#### Exercise prompt
Reproduce the whole listing below without its pictures, exactly as written.
━━ Information supplied ━━
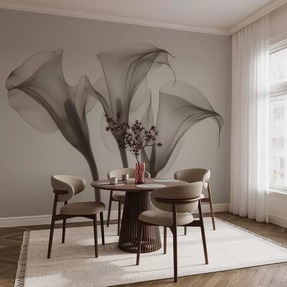 Carta da parati fiori di Zantedeschia trasparenti e ariosi nei toni del beige nr. w02632
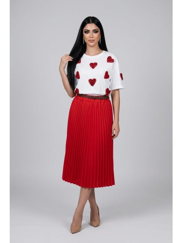 1. Fusta lunga rosie cu pliuri IT-FL01J
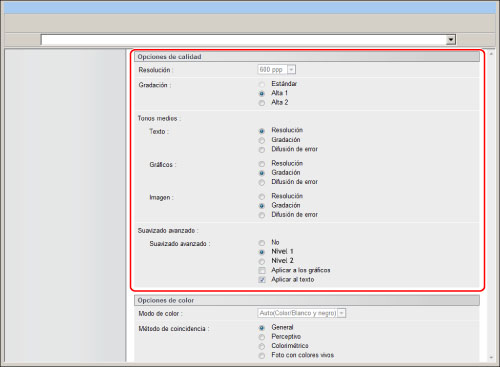 Si se establece [1200 ppp] para [Resolución], sólo se puede seleccionar [Estándar]. Si se establece [600 ppp] para [Resolución], sólo se puede seleccionar [Alta 1] o [Alta 2].
━━━
#### Finished task
 Carta da parati fiori di Zantedeschia trasparenti e ariosi nei toni del beige nr. w02632
 1. Fusta lunga rosie cu pliuri IT-FL01J
 Si se establece [1200 ppp] para [Resolución], sólo se puede seleccionar [Estándar]. Si se establece [600 ppp] para [Resolución], sólo se puede seleccionar [Alta 1] o [Alta 2].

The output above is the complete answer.